Он пошел в избу и наскоро похлебал щей. Потом обул сапоги, которые носил лишь по праздникам, в холодную погоду и в особых случаях. Теперь был как раз такой случай... Завернув в чистую тряпицу ломоть хлеба, Фешка сунул его в карман: вдруг придется задержаться.
Он шагал по Большой Спасской походкой бывалого человека. А его уверенность основывалась на умении всегда защититься от врагов, которых у него было, впрочем, мало, а приятелей и добрых знакомых - тьма. Однако в этот раз Фешка неожиданно подвергся нападению каких - то пришлых сорванцов. Они с криками выскочили из-за Воскресенских ворот старого городского вала. Первым подбежал босяк лет восьми и стремительно сунул руку прямо в Фешкин карман:
- Гроши е?
- А ну, отвали! - Фешка оттолкнул нахала и увидел, что подбегают еще четверо. Самый рослый из них держал в руке небольшой и довольно не страшный нож. Этот парень - по всему было видно, он вожак - и получил по носу, да так метко, что потекла красная юшка. Остальная шушера растерялась и попятилась. А Фешка отбежал шагов на двадцать и показал противникам загорелый кулачок... Когда горе - грабители остались позади, он надумал завернуть на базар и купить кедровых орешков.
На Торговой площади, возле Захарьевской церкви, был обычный базарный день. В Гостином ряду бродили хозяйки с сумками. Кухарки наметанным глазом определяли, что из провизии получше и подешевле. Продавцы взвешивали покупателям картошку, капусту, репу, огурцы... Фешка подался в сторону Иртыша. Там, возле дровяного рынка, торговали живностью. По воскресеньям бойко шла продажа лошадей, коров, овец, коз. Били по рукам, заключая сделки, купцы и крестьяне, гуртовщики и посадские.
Сейчас здесь лишь молодая татарка продавала ягнят. Да седой вогул принес на продажу корзинку со щенками. Мохнатые комочки скулили и тыкались друг в друга носами.
- Подари, дед, песика... - попросил Фешка. - Ему у меня будет хорошо.

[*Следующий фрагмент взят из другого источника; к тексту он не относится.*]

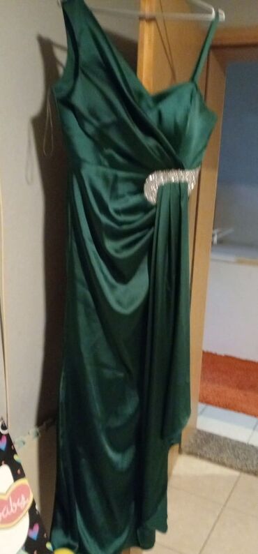 - Svečana duga haljina u smaragdno zelenoj boji, satenski izgled. Asimetričan kroj sa bogatim naborima, bretele, V-izrez. Ukrasni detalj u struku sa srebrnim kamenčićima, spuštena draperija sa jedne strane. Idealna za svečane prilike.

- Это сибирская лайка, - недовольно прошамкал продавец. - Даешь полтинник - бери любого.
- Беру! - воскликнул мальчик, - В долг...

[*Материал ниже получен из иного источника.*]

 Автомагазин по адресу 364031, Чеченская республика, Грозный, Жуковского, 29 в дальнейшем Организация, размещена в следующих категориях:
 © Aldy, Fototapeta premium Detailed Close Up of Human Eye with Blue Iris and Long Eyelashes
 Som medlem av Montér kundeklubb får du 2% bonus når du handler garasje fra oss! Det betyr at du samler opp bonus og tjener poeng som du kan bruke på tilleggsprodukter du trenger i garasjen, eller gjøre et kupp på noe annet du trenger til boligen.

Седобородый потянул руку к палке, и Фешка. не теряя достоинства, удалился. Прежде чем возвращаться в верхний город, он решил прогуляться по нижнему... Из отворенных настежь дверей церкви лились бередящие душу, трогательные голоса хористов. Их пение завлекло Фешку внутрь храма. Присмотревшись, он увидел людей, обступивших гроб: шло отпевание. В звучание хора вплетался плавный речитатив священника:
- Зряща мя безгласна и бездыханна подлежаща, восплачьте обо мне, братия, други и знаемые. Вчера бо день беседовал с вами и внезапну найде на мя страшный час смертный... Придите все любящи мя и целуйте мя последним целованием!
Люди двинулись к гробу. Преодолев оцепенение, Фешка подался к выходу. На улице облегченно вздохнул и пошел по Большой Пятницкой. Засмотрелся на огромный дом на углу Туляцкой улицы. Говорили, что когда-то он принадлежал богатому откупщику, а сейчас в нем обитает губернатор. Прямо дворец! Посмотреть бы, как внутри... Фешка потянул на себя золоченную ручку парадной двери и несмело вошел в вестибюль. Небольшая лестница, всего в несколько ступеней, вела в длинный коридор. Фешка стал подниматься. Но тут справа возник привратник в синей шинели, обшитой по краям серебристой лентой:
- Куда, посадский?
Швейцар мог запросто надрать уши, пришлось выкручиваться:
- Господин офицер, у меня тут тетка в горничных. Лукерьей кличут.
- Нет у нас Лукерьи, - подумав, ответил привратник. - Иди, иди.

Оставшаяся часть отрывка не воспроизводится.